Раньше Сухарев служил при штабе. Поджарый, темнолицый, он одевался тщательно, с форсом, как все матросы, которым не приходится драить медяшки и которые постоянно околачиваются на берегу. Он занимался тяжелой атлетикой и на спартакиадах неизменно занимал призовые места. Он имел такую шумную славу, что не было, по-моему, на флотилии ни одного человека, который не знал бы его и не гордился бы этим знакомством. С Сухаревым многие были накоротке.

До встречи с Тоней я даже завидовал Сухареву, вокруг которого всегда увивались девчата. В такого парня нельзя было не влюбиться. Но он остановил свой выбор на высокой томной барышне, дочери какого-то профессора по женским болезням, и на других девчат внимания не обращал.

Когда немцы заняли Киев, Сухарев находился в оккупированном Днепропетровске. Ему удалось еще до прихода немцев в этот город бежать из госпиталя. Отлежался он у каких-то незнакомых старушек.

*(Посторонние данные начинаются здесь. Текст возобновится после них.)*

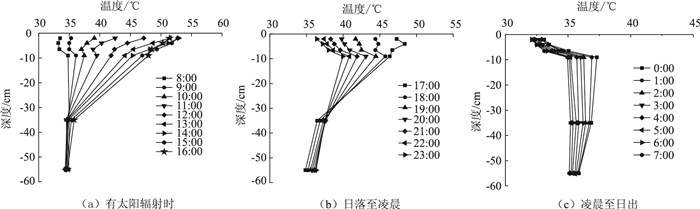 1.3 温度场沿深度的变化规律气温和太阳辐射等外界条件在一天中周期性变化,路面结构温度场随之发生变化。将一天分为有太阳辐射、日落至凌晨和凌晨至日出3个不同时期,图 6为路面结构温度在不同时期随深度的变化曲线。
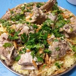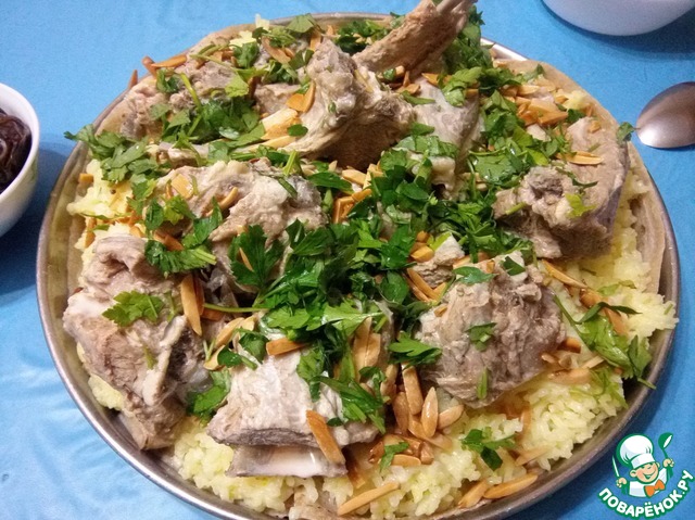 Берем большой поднос, выкладываем на него тонкий лист лаваша, затем рис, а сверху мясо, заливаем сверху соусом, затем
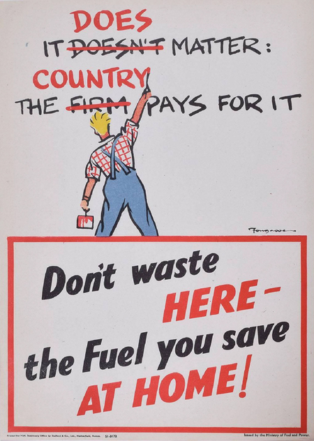 1. «It does matter the country pays for it. Don’t waste here the fuel you save at home», by Cyril Kenneth Bird, between 1939 and 1946 // 2. «Turn That Gas Down», by unknown artist, between 1939 and 1946

Поправившись, решил пробираться на Киев. Ведь в Киеве была Магда.

Как он добрался до Киева — знает один бог. Шел пешком, стараясь не попадаться на глаза полицаям. На форму выменял крестьянскую свитку. И недели через три появился на Подоле.

Магда жила с родителями. Те не очень жаловали Сухарева, считая, видимо, что их единственная дочь может сделать лучшую партию. (Подумаешь, какой-то физкультурник, матрос!) И Сухарев долго колебался, идти ли ему прямо к Магде. Но уже темнело. В такое время бродить по улицам было небезопасно. И Сухарев вынужден был решиться.